Copy exactly the stretch of lines from the one holding "tee /etc/apt/sources.list.d/docker.list > /dev/null" through the last line of the data below, inclusive. Leave out pictures.

### Provided data
= = = = = = =

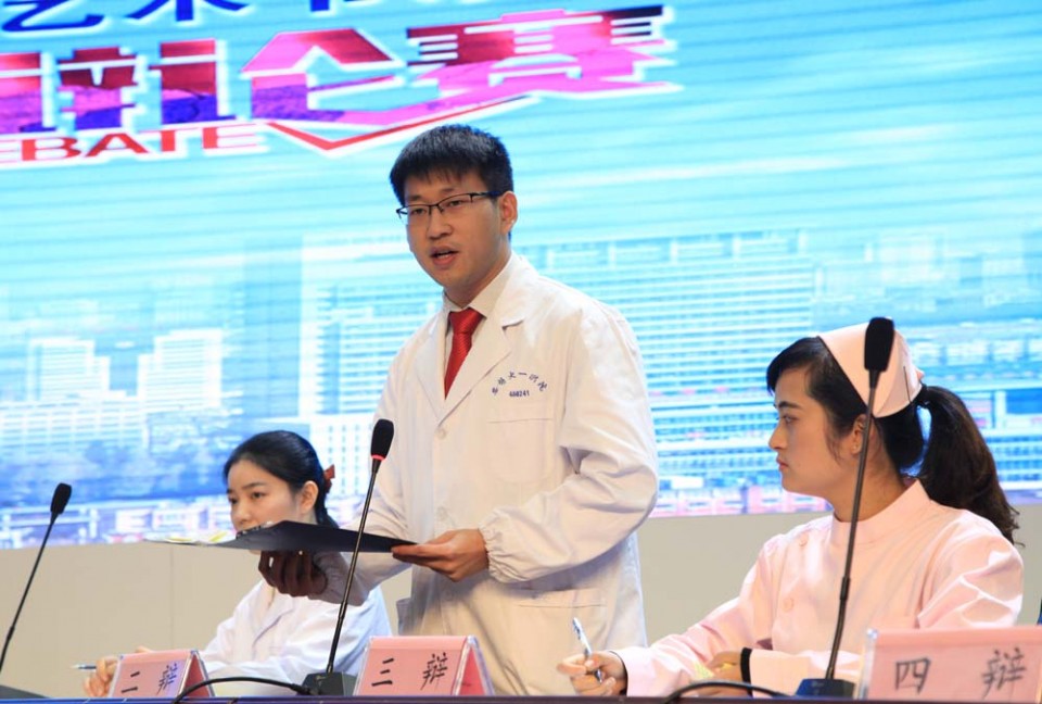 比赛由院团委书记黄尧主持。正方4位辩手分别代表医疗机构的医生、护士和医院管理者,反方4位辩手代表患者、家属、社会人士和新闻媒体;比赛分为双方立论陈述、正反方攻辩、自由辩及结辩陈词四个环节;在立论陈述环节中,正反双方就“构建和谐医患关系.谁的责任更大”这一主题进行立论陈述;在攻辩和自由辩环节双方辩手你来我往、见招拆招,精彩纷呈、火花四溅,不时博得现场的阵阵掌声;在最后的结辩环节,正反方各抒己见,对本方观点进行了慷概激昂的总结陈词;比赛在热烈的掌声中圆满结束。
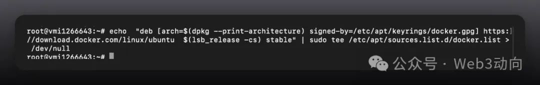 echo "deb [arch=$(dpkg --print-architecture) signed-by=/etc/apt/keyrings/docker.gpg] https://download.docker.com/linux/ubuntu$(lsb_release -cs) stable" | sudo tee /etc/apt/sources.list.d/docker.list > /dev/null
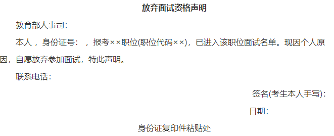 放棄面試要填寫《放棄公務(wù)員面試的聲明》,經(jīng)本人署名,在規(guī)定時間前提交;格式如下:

= = = = = = =

### Completed exercise
 echo "deb [arch=$(dpkg --print-architecture) signed-by=/etc/apt/keyrings/docker.gpg] https://download.docker.com/linux/ubuntu$(lsb_release -cs) stable" | sudo tee /etc/apt/sources.list.d/docker.list > /dev/null
 放棄面試要填寫《放棄公務(wù)員面試的聲明》,經(jīng)本人署名,在規(guī)定時間前提交;格式如下:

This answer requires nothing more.